### Items from a data source:
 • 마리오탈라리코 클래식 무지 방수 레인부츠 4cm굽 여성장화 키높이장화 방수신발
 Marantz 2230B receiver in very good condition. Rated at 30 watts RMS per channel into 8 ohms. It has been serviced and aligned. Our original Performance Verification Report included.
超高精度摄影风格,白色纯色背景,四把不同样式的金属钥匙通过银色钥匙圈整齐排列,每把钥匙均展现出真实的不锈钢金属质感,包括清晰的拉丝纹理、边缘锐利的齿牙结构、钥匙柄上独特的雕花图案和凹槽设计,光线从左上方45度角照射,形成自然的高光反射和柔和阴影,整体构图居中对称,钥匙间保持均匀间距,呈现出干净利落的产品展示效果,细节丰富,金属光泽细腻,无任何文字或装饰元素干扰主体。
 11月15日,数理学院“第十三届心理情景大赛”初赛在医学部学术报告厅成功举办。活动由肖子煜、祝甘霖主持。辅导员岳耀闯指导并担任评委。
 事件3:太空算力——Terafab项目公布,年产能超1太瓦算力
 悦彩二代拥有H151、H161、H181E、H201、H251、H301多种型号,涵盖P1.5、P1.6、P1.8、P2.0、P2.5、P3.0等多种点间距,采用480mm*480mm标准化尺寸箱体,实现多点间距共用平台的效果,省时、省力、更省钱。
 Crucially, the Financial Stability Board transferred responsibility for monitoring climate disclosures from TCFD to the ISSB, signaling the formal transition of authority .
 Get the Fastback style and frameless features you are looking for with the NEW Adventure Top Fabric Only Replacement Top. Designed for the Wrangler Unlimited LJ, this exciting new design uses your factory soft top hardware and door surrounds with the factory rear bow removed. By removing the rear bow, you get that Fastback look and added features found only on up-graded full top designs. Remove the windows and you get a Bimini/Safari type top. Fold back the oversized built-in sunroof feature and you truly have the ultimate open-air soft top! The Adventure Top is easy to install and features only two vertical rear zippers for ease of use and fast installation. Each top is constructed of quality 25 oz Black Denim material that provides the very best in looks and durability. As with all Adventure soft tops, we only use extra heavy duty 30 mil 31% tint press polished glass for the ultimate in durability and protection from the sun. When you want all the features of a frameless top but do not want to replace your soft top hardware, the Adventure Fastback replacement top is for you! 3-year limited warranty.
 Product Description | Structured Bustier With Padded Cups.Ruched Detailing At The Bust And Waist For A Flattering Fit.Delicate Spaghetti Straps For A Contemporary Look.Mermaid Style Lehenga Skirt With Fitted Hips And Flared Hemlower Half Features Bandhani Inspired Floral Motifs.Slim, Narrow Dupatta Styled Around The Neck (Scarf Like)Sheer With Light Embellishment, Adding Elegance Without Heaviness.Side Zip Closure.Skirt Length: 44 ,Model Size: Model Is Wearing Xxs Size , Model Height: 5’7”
* * *
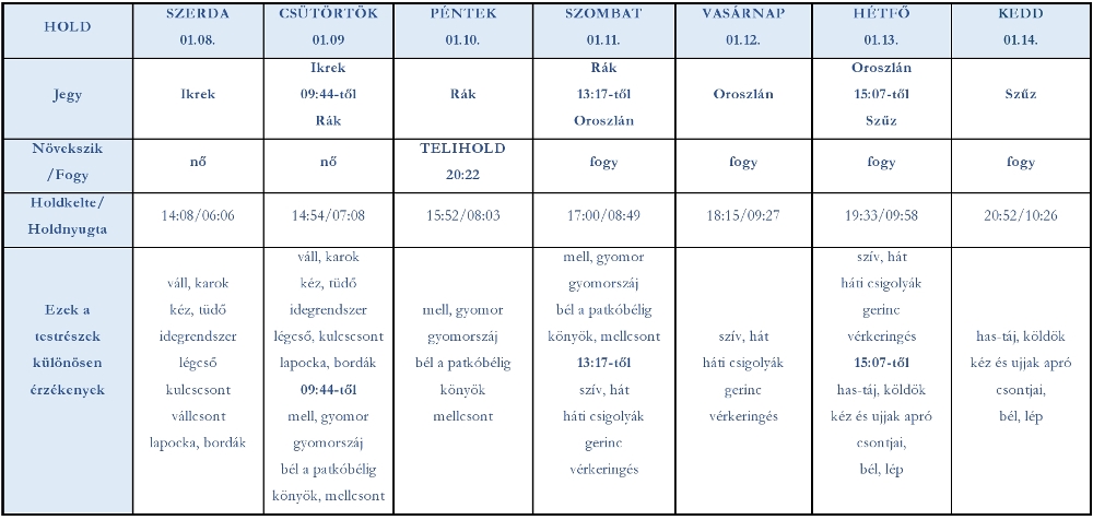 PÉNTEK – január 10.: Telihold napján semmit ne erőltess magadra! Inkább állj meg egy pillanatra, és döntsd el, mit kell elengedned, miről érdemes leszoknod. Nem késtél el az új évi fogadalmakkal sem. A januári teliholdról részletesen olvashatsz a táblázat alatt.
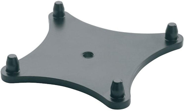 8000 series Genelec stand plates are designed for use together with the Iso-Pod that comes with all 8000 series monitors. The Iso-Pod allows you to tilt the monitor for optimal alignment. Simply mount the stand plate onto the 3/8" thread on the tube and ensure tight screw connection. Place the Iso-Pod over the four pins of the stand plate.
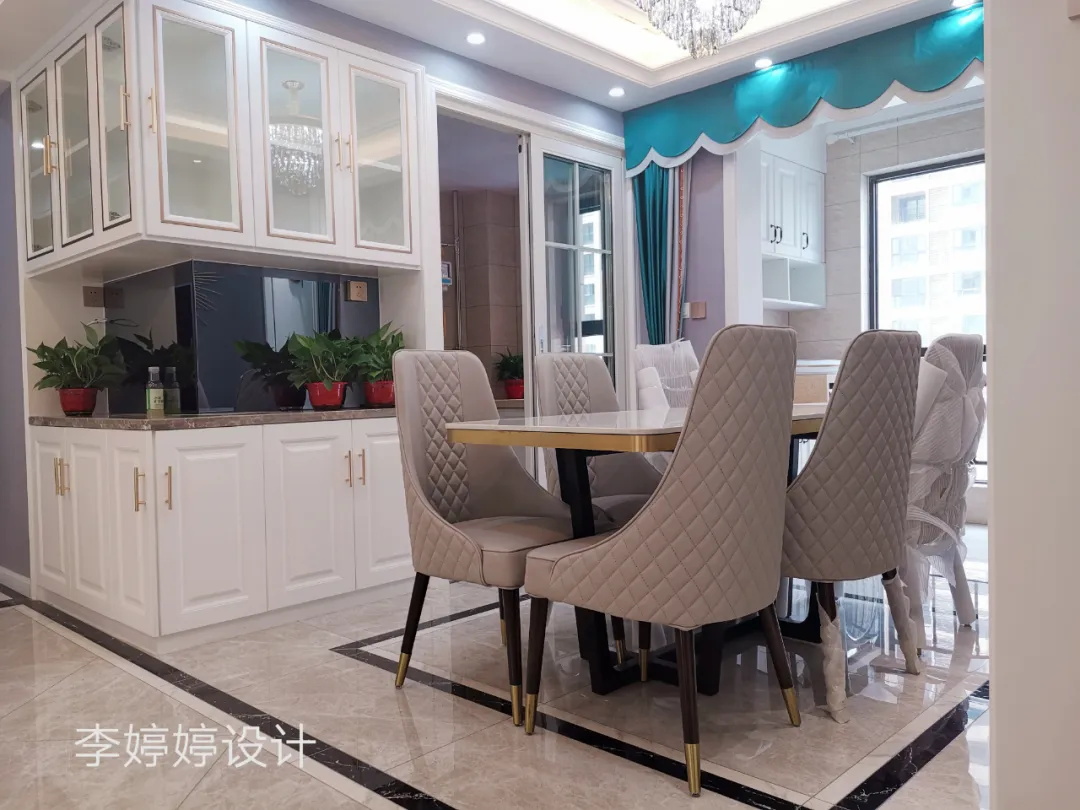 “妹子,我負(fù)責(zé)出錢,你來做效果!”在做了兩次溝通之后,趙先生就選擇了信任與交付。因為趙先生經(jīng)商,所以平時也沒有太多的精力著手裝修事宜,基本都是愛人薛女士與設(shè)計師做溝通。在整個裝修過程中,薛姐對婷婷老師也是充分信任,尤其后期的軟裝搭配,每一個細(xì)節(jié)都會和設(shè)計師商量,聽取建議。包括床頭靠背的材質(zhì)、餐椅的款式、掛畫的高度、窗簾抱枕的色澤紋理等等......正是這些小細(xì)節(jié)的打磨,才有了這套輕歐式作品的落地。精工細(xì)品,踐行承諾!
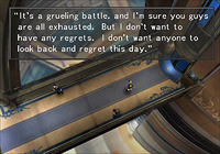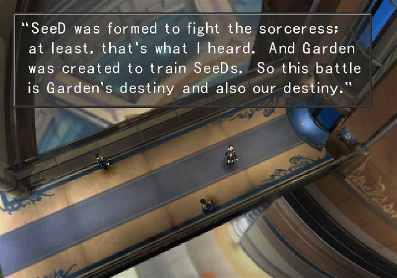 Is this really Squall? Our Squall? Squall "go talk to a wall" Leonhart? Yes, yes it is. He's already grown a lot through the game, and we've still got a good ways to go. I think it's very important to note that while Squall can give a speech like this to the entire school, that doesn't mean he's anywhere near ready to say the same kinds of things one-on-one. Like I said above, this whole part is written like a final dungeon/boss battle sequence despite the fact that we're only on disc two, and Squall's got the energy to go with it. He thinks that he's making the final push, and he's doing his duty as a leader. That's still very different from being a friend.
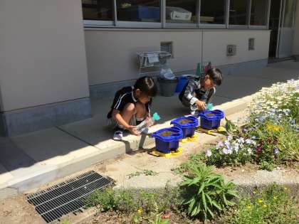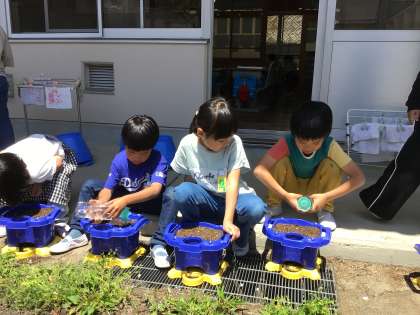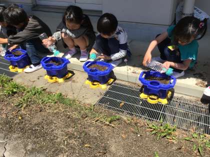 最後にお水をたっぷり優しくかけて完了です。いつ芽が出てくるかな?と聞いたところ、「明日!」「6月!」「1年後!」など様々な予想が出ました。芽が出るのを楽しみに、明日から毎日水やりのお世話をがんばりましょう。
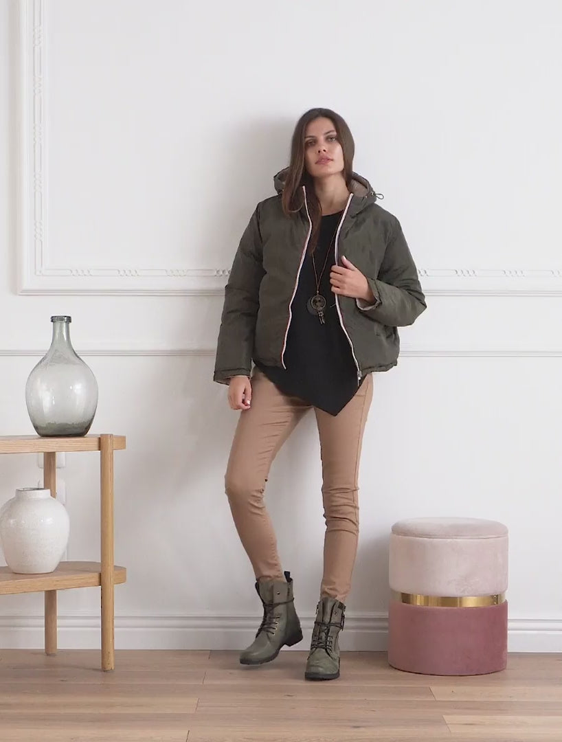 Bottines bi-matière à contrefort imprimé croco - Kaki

### TASK ITEM:
Reprint exactly the lines above that start at the one with "超高精度摄影风格,白色纯色背" and end at the one with "悦彩二代拥有H151、H16", keeping both and adding none.

### EXERCISE OUTPUT:
超高精度摄影风格,白色纯色背景,四把不同样式的金属钥匙通过银色钥匙圈整齐排列,每把钥匙均展现出真实的不锈钢金属质感,包括清晰的拉丝纹理、边缘锐利的齿牙结构、钥匙柄上独特的雕花图案和凹槽设计,光线从左上方45度角照射,形成自然的高光反射和柔和阴影,整体构图居中对称,钥匙间保持均匀间距,呈现出干净利落的产品展示效果,细节丰富,金属光泽细腻,无任何文字或装饰元素干扰主体。
 11月15日,数理学院“第十三届心理情景大赛”初赛在医学部学术报告厅成功举办。活动由肖子煜、祝甘霖主持。辅导员岳耀闯指导并担任评委。
 事件3:太空算力——Terafab项目公布,年产能超1太瓦算力
 悦彩二代拥有H151、H161、H181E、H201、H251、H301多种型号,涵盖P1.5、P1.6、P1.8、P2.0、P2.5、P3.0等多种点间距,采用480mm*480mm标准化尺寸箱体,实现多点间距共用平台的效果,省时、省力、更省钱。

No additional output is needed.